Je ne partirai plus

Point de vue : Lupin

Tout en cheminant dans les rues sombres de la ville, je réentendais les mots de Harry qui martelaient mon crâne, tournant et retournant dans ma tête. Il n'avait rien compris ! Rien ! … Ou alors…avait-il tout compris ? Peut-être était-ce moi qui n'avait rien compris ? Après tout, c'était bien ce que Molly et Dora ne cessaient de me répéter. Même Kingsley semblait de leur avis. Était-ce moi qui n'avait rien compris ? Pourtant, je restais convaincu que je n'aurais jamais du épouser Tonks, j'avais fait d'elle une réprouvée. Et cet enfant… S'il était comme moi ? Il finirait par me haïr…

Je devais parler à Dora, lui expliquer.

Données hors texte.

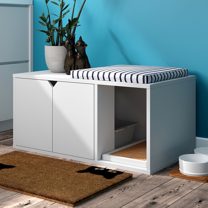 A closed cat litter box is a small structure with a roof. In such a house, the result of the animal's vital activity is hidden from others, and there will be no scattered filler around the toilet. And the pet itself is easier to cope with its needs if it is hidden from prying eyes. Aesthetically, the design looks presentable and can have various shapes and designs, which depends on the mood of the owner.

Peut-être comprendra-t-elle alors et grand était le risque qu'elle me demande de partir. Et bien que cette perspective me fende le cœur, je le ferais…pour elle…et pour mon enfant.

Je pris une grande inspiration avant de transplaner à proximité de chez mes beaux-parents. Je m'apprêtai à franchir la grille du jardin quand je fus pris d'un doute : et si Dora refusait de me voir ? Je lui avais fait tellement de mal. Peut-être ne souhaitait-elle pas que je revienne ?

Je franchis malgré tout le portail de fer, gravis les marches du perron et frappai timidement trois petits coups contre le panneau de bois de la porte. Mme Tonks vint m'ouvrir, ses cheveux bruns et bouclés tombant sur ses épaules, ses traits étrangement semblables à ceux de sa sœur Bellatrix. Elle avait à peine 10 ans de plus que moi. En me voyant, son visage prit une expression dure que je ne pouvais lui reprocher.

« Que faites vous là ? Me demanda-t-elle sèchement.

_ Je suis venu voir Dora, madame.

_ Elle ne veut pas vous voir. »

J'aurais probablement du m'y attendre. L'annonce me donna néanmoins l'impression d'une pierre tombant dans mes entrailles, écrasant mon cœur au passage.

« Andromeda, appela son mari en la rejoignant. Ne crois-tu pas que nous devrions avertir la petite de la présence de Remus avant de le flanquer dehors ? Va le lui dire, s'il te plait. Laisse-la choisir. »

Il attendit que son épouse disparaisse à l'étage puis reprit :

« Entrez, mon ami. Dora n'a jamais dit qu'elle ne voulait plus vous voir, c'est juste ce que Dromeda c'est mis en tête.

_ Je comprendrais si elle ne voulait plus de moi, dis-je d'une voix blanche. Dite-moi qu'elle va bien…

_ J'aimerais mais, vous devez vous en douter, je ne peux pas. Elle vous annonce qu'elle est enceinte et vous disparaissez pendant trois semaines. Avouez qu'il y a de quoi être déprimé. »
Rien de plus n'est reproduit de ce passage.